Yair Hirschfeld (יאיר הירשפלד) is an Israeli lecturer at the University of Haifa. Hirschfeld was a key architect of the Oslo Accords in 1993. He was born in Vienna and has been a strong supporter of the two-state solution and has urged the Palestinian National Authority and the Israeli government to accept some form of this solution.

==Israeli–PLO negotiations==
In Benny Morris' account, Hanan Ashrawi and Hirschfeld began maintaining back channels to the PLO's Faisal Husseini in 1989. Hirschfeld, at Ashrawi's suggestion, sought out the PLO finance minister Abu Alaa (Ahmed Qurei). Through the Norwegians—including Norwegian Deputy Foreign Minister Jan Egeland and Rod Larsen of the Norwegian Institute of Applied Social Sciences—Hirschfeld had his first meeting with Abu Alaa in London on 4 December 1992.

On 19 January 1993 the Israeli Knesset repealed a law forbidding Israeli–PLO contacts. The next day Hirschfeld met Abu Alaa for the second time outside Oslo, accompanied by Israeli historian Ron Pundak. With the approval of Peres' deputy Yossi Beilin the three met in secret four more times. After the final meeting in May the agreement was passed to official channels, to become the "Declaration of Principles".

The first draft of the DOP laid out three basic terms: "Israel withdrawal from Gaza, gradual devolution of economic power to the Palestinians ... and ... international economic assistance to the nascent Palestinian entity in Gaza". It also included the "Gaza first" principle, according to which all stipulated Israeli concessions would be met in Gaza prior to any final settlement. By the final meeting it included elections, interim autonomy, and a handoff of power to the Palestinians, over the course of a gradual Israeli withdrawal. "Gaza first" also came to include some of the West Bank around Jericho.

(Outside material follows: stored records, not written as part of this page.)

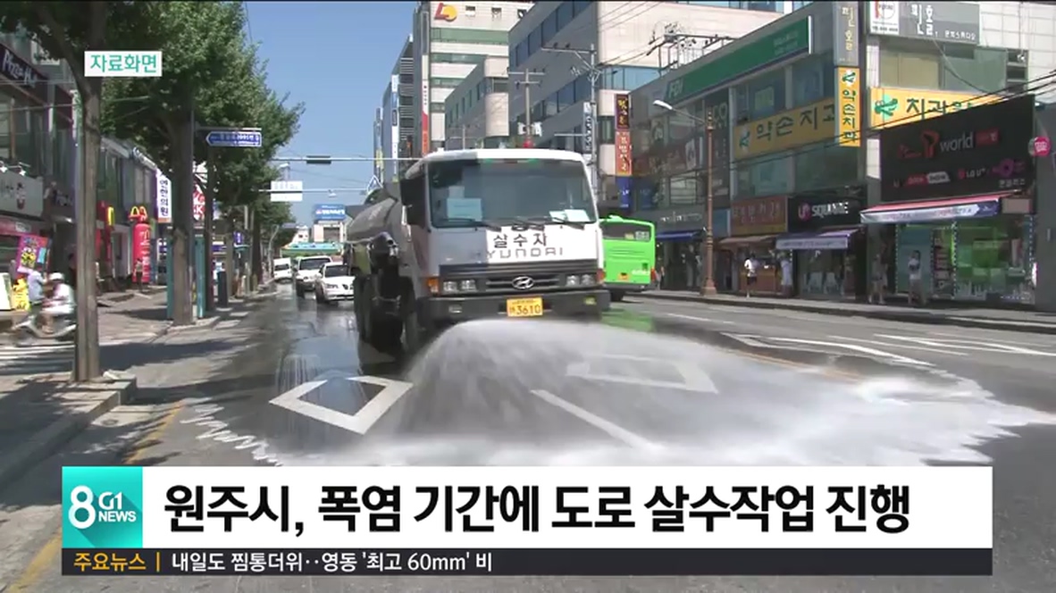 원주시는 내일(30일)부터 다음달 14일까지 16일동안 대형 살수차 4대를 동원해, 기온이 높은 시간대인 오전 10시반부터 오후 4시까지 살수작업을 진행한다고 밝혔습니다.
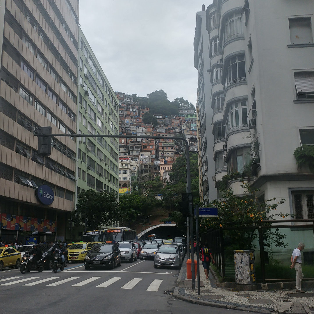 Прямо от широких проспектов рядом с пляжем Копакабана по холму лепятся фавелы — куча разноцветных халуп, в которых проживает беднота.
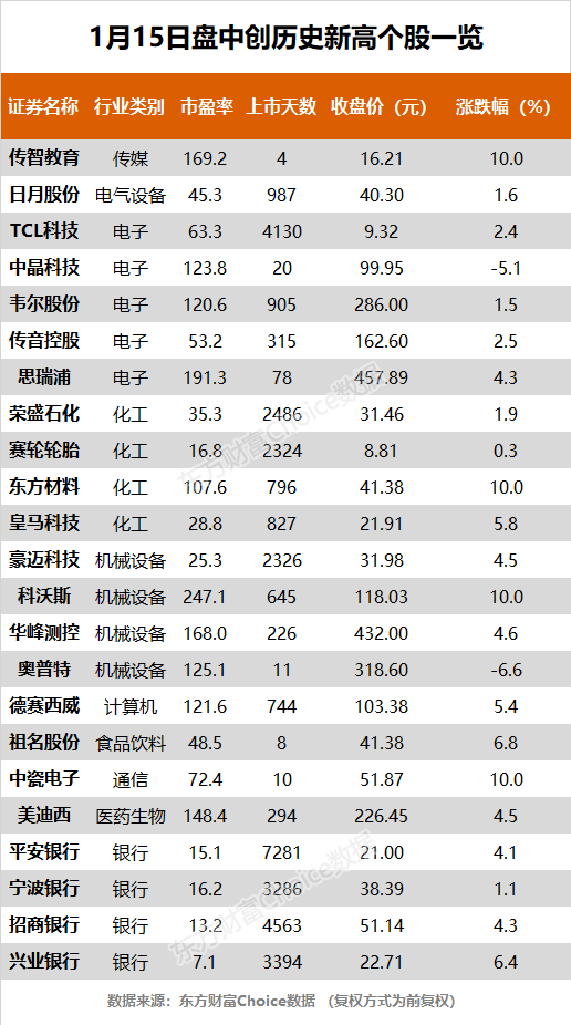 摘要【指数午后探底回升 招商银行、韦尔股份等23股创历史新高】1月15日,沪指收报3566.38点,涨0.01%。东方财富Choice数据显示,今日有23只个股盘中股价创历史新高。其中,个股包括招商银行、韦尔股份等。
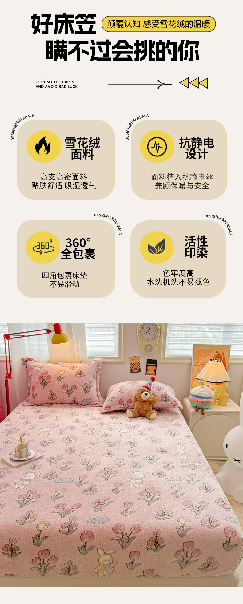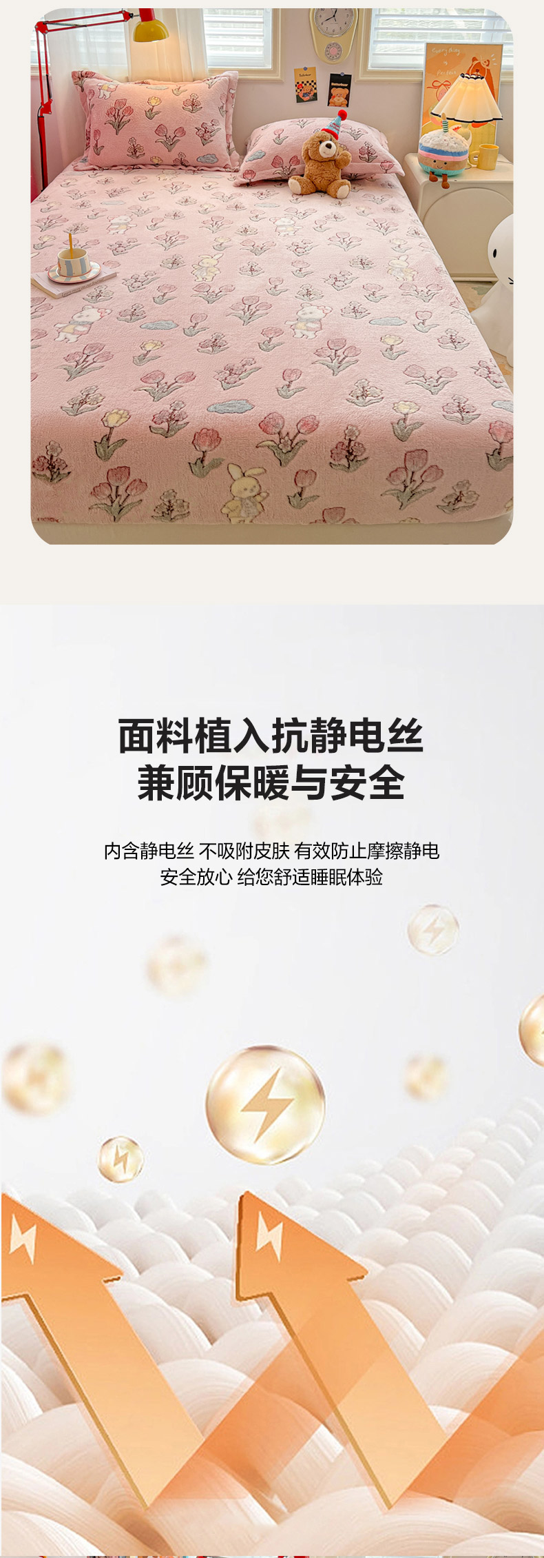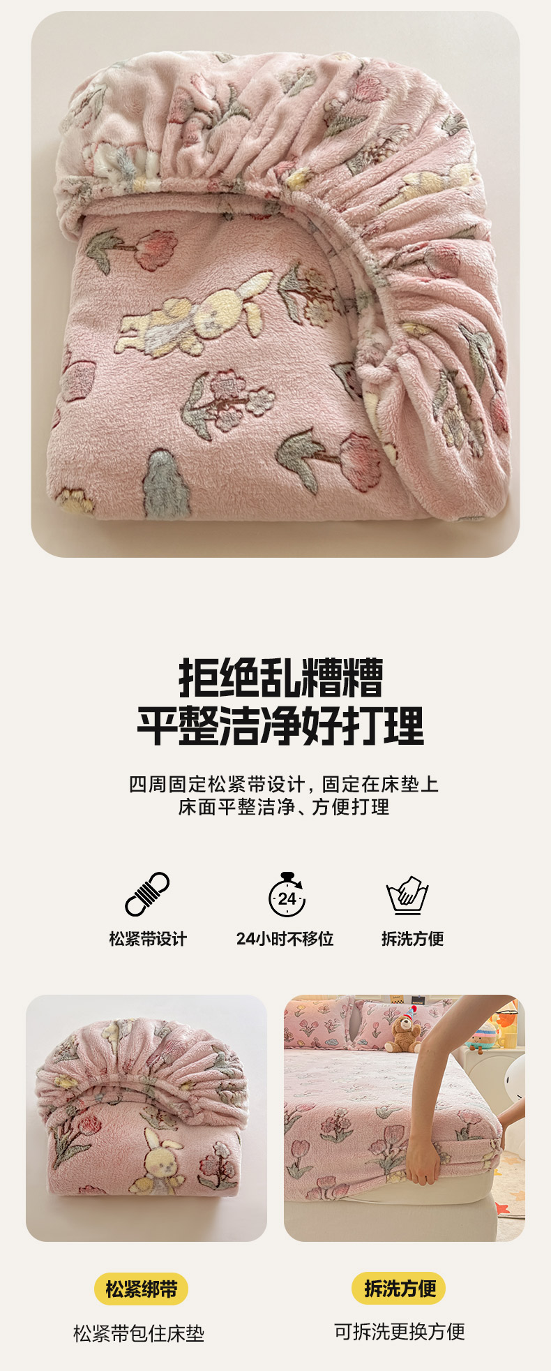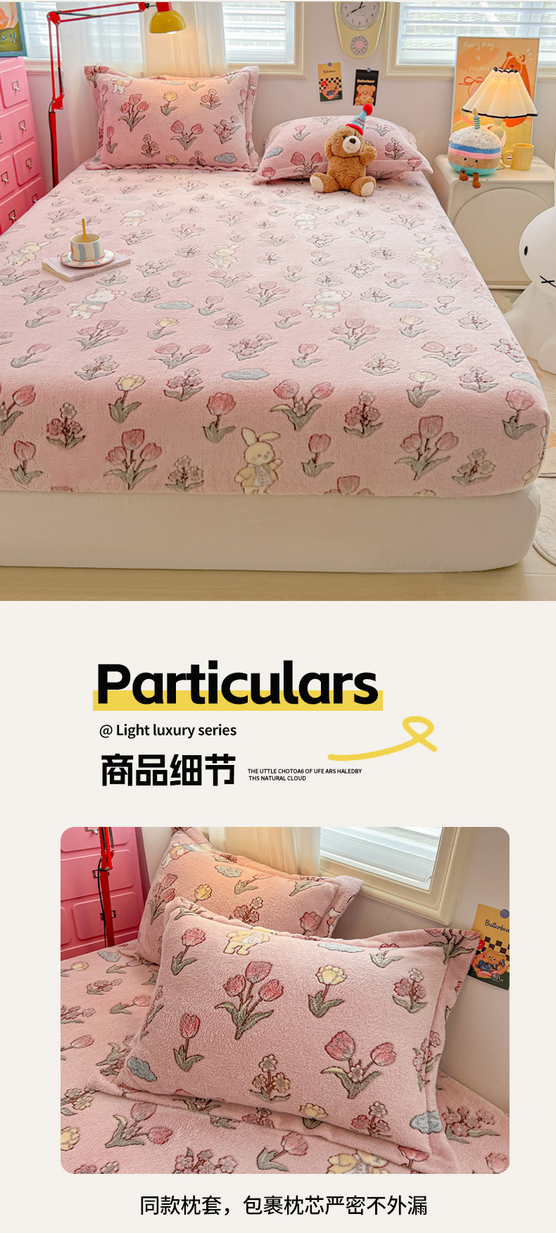 • 91家纺网 家纺一手货源 找家纺 韩巢家纺 2024新款加厚雪花绒卡通印花保暖床笠三件套 花园熊(粉)
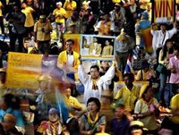 | Những người biểu tình tại sân bay quốc tế Suvarnabhumi reo hò trước tin chính phủ của Thủ tướng Somchai bị giải tán |
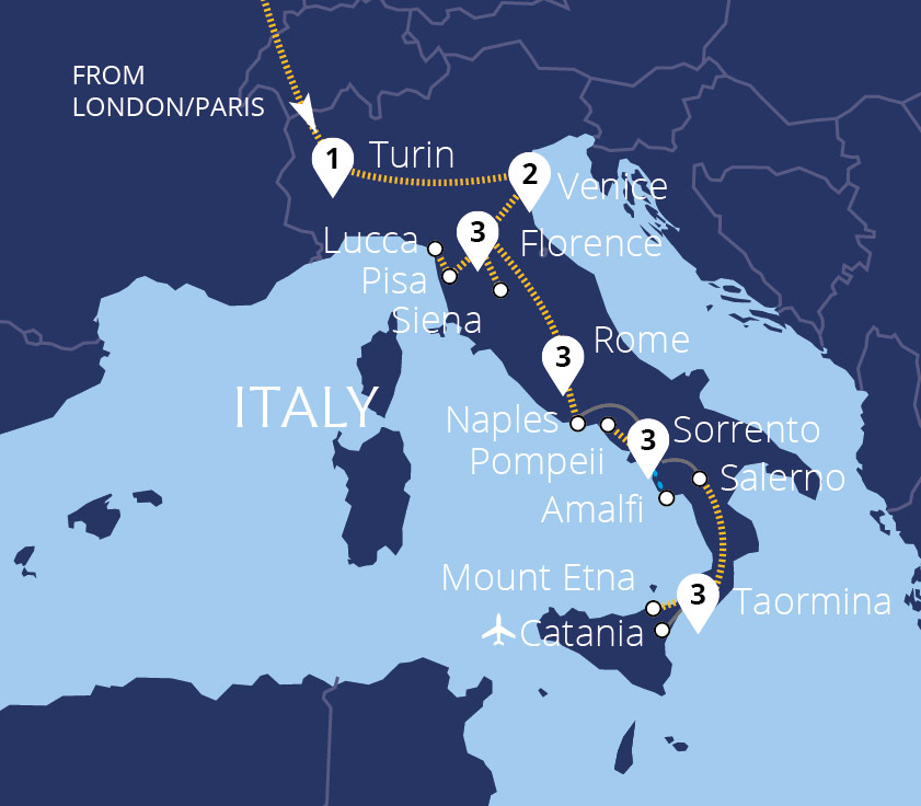 From the Alpine foothills to the island of Sicily and all that lies between, uncover the best of Italy. Travelling the country's length, we delve into the history and culture of Italy's remarkable destinations, including Venice, Florence and Rome. Bask in the beauty of the Amalfi Coast and marvel at the remains of ancient Pompeii before...
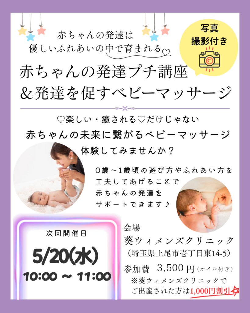 2026/5/20(水)【対面】葵ウィメンズクリニック 赤ちゃんの発達プチ講座&発達を促すベビーマッサージ
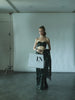 Black Asymmetric Silver Shimmering Sequin Skirt with Gold and Silver Rose-Embellished Sequin Bralette
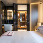 Elsewhere, he borrowed details from aeronautical design with exposed “rivets” and bronzed door handles shaped like airplane wings. Paper-silk wallpaper is in the guest staterooms, main foyer and cabinet bases, and bathrooms are lined with gray-veined Carrara marble.
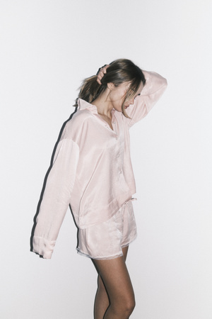 Szorty o luźnym kroju, wykonane z wysokogatunkowego materiału o aksamitnym wykończeniu z ozdobną koronką w kolorze jasnego różowego.
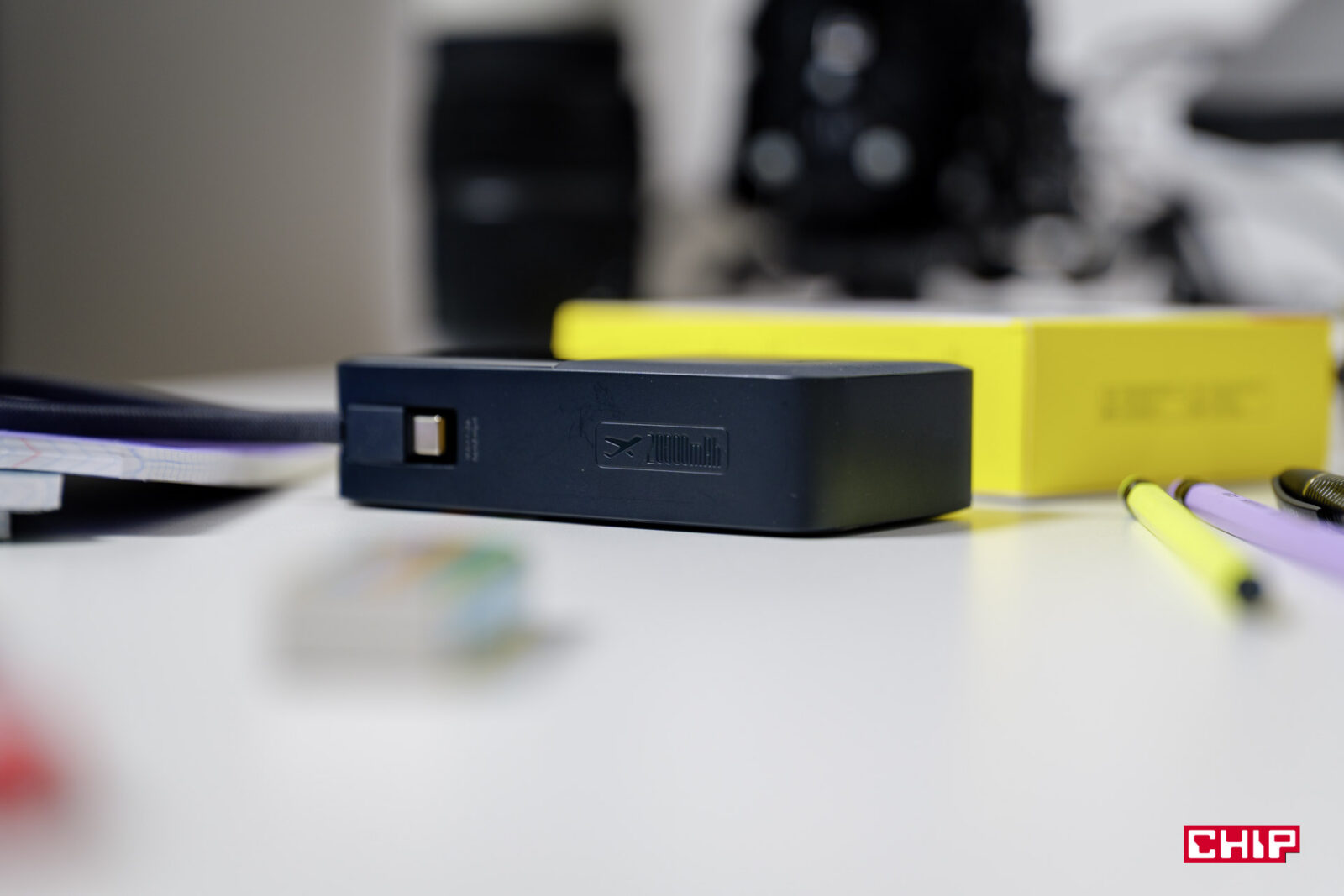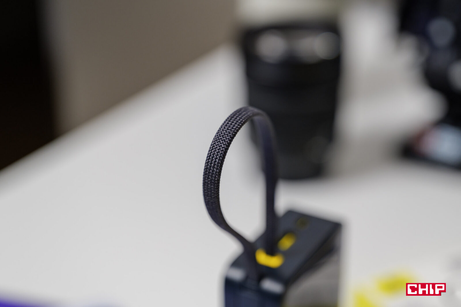 Szczególną uwagę zwraca wbudowany, pleciony kabel USB-C o długości 22 cm. Jest on nie tylko praktyczny, eliminując potrzebę noszenia dodatkowego przewodu, ale też wytrzymały — producent deklaruje, że przeszedł testy ponad 10 tysięcy zgięć bez utraty funkcjonalności. Kabel może pełnić rolę zawieszki, co jest ciekawym rozwiązaniem podczas wędrówek czy podróży — a w górach czy miejskiej dżungli faktycznie może się to przydać. Zazwyczaj średnio ufam tego typu rozwiązaniom, ale tutaj po podskakiwaniu z plecakiem czy ruszaniem nim przesadnie energicznie powerbank cały czas się trzymał, więc dzięki systemowi blokady końcówki kabla, raczej można temu zaufać.
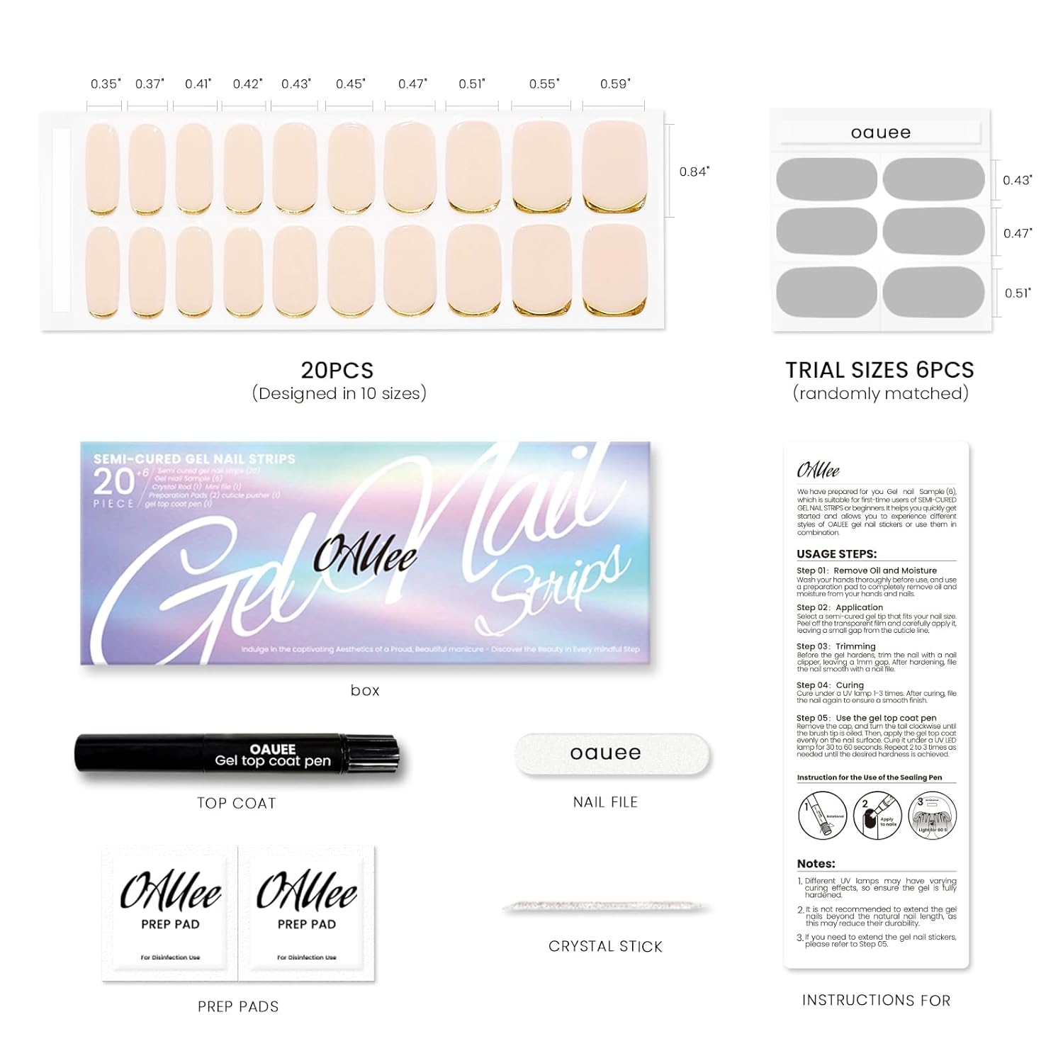 - Innovative Gel Nail Strips: Nail gel strips are made from 100% real gel nail polish ingredients, not plastic material. Through its expertise, OAUEE presents semi-curing gel nail strips, made with an innovative formula that comfortably fits all types of nail sizes and shapes and achieves a perfect aesthetic look for your nails!
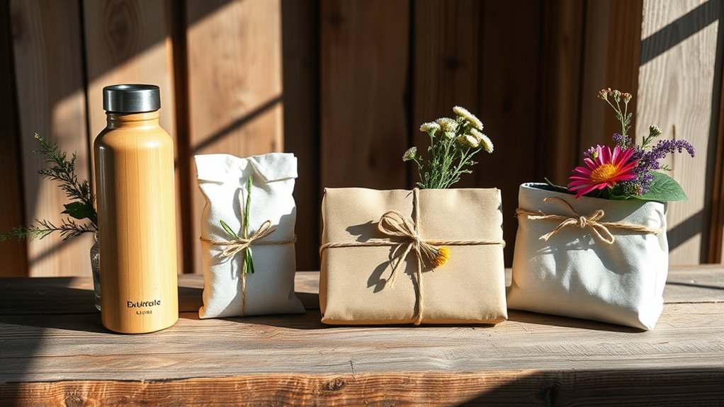 While selecting eco-friendly gifts, I always prioritize durability and longevity to make certain that my choices stand the test of time. I look for gifts made from sustainable materials like bamboo, recycled leather, or reclaimed wood, as they often have longer lifespans. The quality of craftsmanship plays a huge role too; well-made items resist wear and environmental degradation. I’m drawn to gifts with reinforced construction, like double-stitching and sturdy hardware, as they can handle daily use. Versatile, multi-functional gifts also catch my eye, ensuring they stay relevant for years. Finally, I consider proper care and maintenance, as these factors profoundly influence the gift’s durability and sustained eco-friendliness, making them truly worthwhile investments.

Amid further indirect negotiations between the Israel and the PLO leadership in Tunis through Egyptian channels with mediation by Norway, the discussions that began between Hirschfeld and Alaa culminated in the beginnings of the Oslo peace process, when on August 20 Peres flew to Oslo—the entire process still unknown to the public—and initialed the DOP.

== Scientific work ==

He currently teaches at the University of Haifa in the Department of Middle Eastern History. He is the Director General of the Tel Aviv-based Economic Cooperation Foundation (ECF).

== Literature ==
- Track Two Diplomacy toward an Israeli-Palestinian Solution, 1978–2014, Woodrow Wilson Center Press and Johns Hopkins University Press 2014.